Denial of service (DoS) attacks deny service to valid users. For example, an attack could make a Web server temporarily unavailable or unusable. You must protect against certain types of DoS threats simply to improve system availability and reliability. A very real example of this includes the various distributed denial of service attacks (DDoS), such as Trinoo and Stacheldraht. You can learn more about these attacks at staff.washington.edu/dittrich/misc/ddos/.

Elevation of Privilege

In this type of threat, an unprivileged user gains privileged access and thereby has sufficient access to compromise or destroy the entire system. Elevation of privilege threats include those situations where an attacker has penetrated system defenses and effectively become part of the trusted system itself—a dangerous situation indeed. An example is a vulnerable computer system that allows an attacker to place an executable on the disk and then to wait for the next person to log on to the system. If the next user is an administrator, the malicious code runs within the security profile settings of an administrator.

Threats That Lead to Other ThreatsSome threat types can interrelate. It's not uncommon for information disclosure threats to lead to spoofing threats if the user's credentials are not secured. And, of course, elevation of privilege threats are, by far, the worst threats—if someone can become an administrator or can get to the root on the target computer, every other threat category becomes a reality. Conversely, spoofing threats might lead to a situation where escalation is no longer needed for an attacker to achieve his goal. For example, using SMTP spoofing, an attacker could send an e-mail purporting to be from the CEO and instructing the workforce to take a day off for working so well. Who needs to elevate their privilege to CEO when you have social engineering attacks like this?

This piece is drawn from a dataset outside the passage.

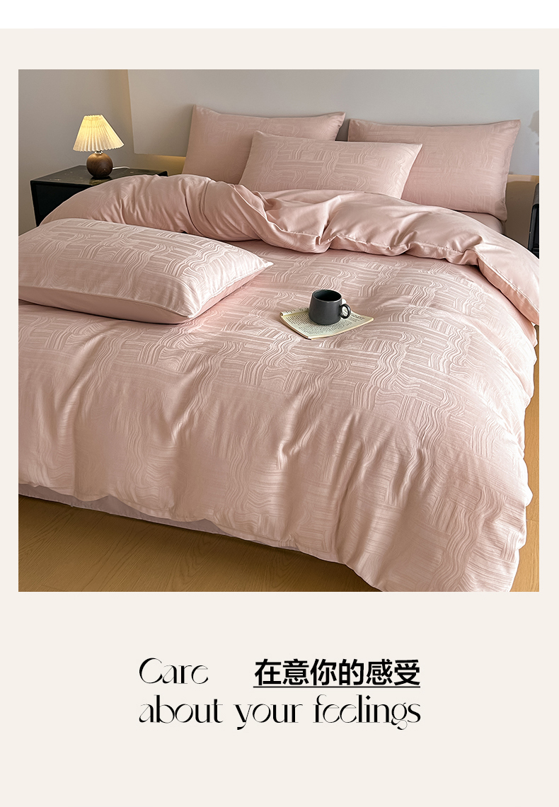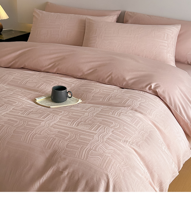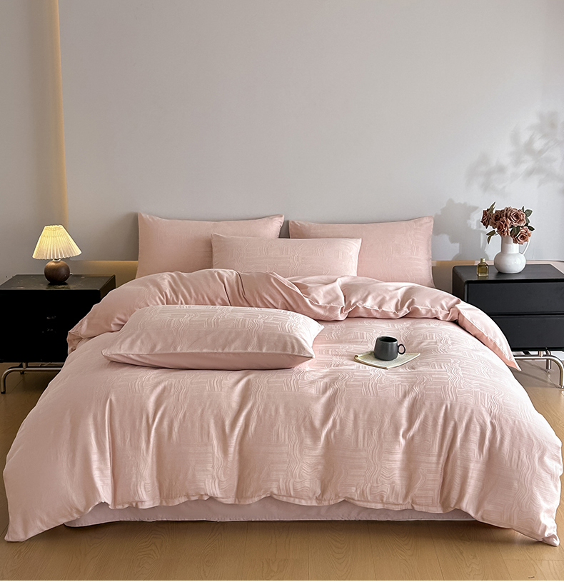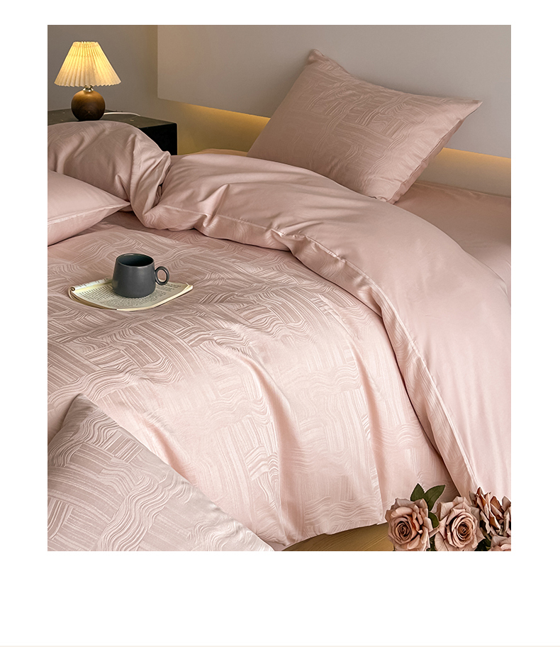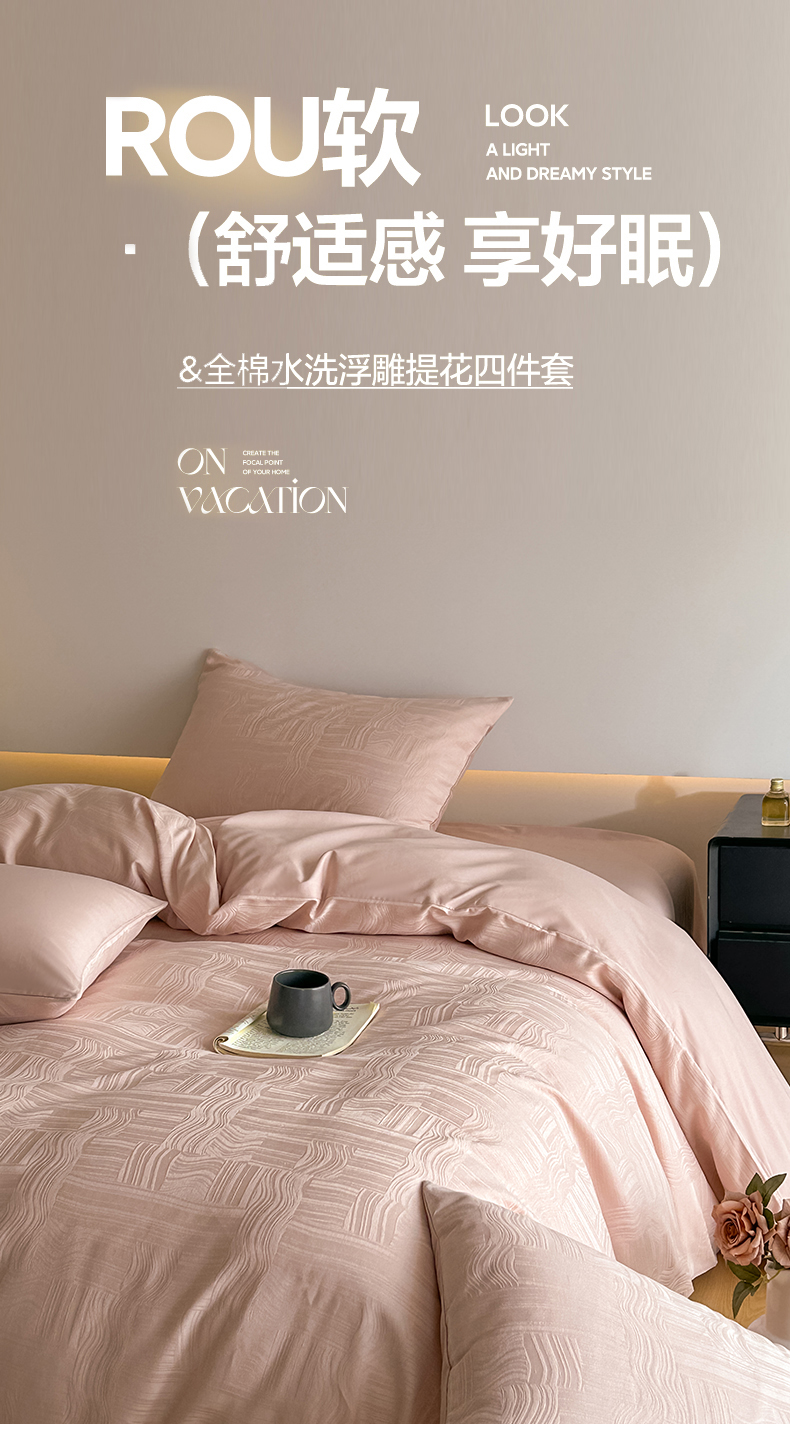 曼之夏 2026新款60支全棉水洗浮雕提花四件套 幻纤影-粉金

Now we'll discuss the process of determining threats to the system. We'll use threat trees and you'll see how to apply STRIDE to threat trees.

Threat Trees

A well-known method for identifying possible failure modes in hardware is by using fault trees, and it turns out this method is also well suited for determining computer system security issues. After all, a security error is nothing more than a fault that potentially leads to an attack. (The hardware-related method is also often referred to as using threat trees, and some of the best threat tree documentation is in Edward Amoroso's Fundamentals of Computer Security Technology [Prentice Hall, 1994]).

The idea behind threat trees is that an application is composed of threat targets and that each target could have vulnerabilities that when successfully attacked could compromise the system. Threat trees describe the decision-making process an attacker goes through to compromise the component. When the decomposition process gives you an inventory of application components, you start identifying threats to each of those components. Once you identify a potential threat, you then determine how that threat could manifest itself by using threat trees.

Think for a moment about the payroll data that flows between the user (an employee) and the computer systems inside the data center and back; it's sensitive data, confidential between the company and the user. This is an example of an information disclosure threat. You don't want a malicious employee looking at someone else's payroll information, which means that your solution must protect the data from prying eyes. An attacker can view the data in a number of ways, but the easiest, by far, is to use a network protocol analyzer, or sniffer, in promiscuous mode to look at data as it travels between the unsuspecting target user's computer and the main Web server. Another attack might involve compromising a router between the two computers and reading all traffic between the two computers.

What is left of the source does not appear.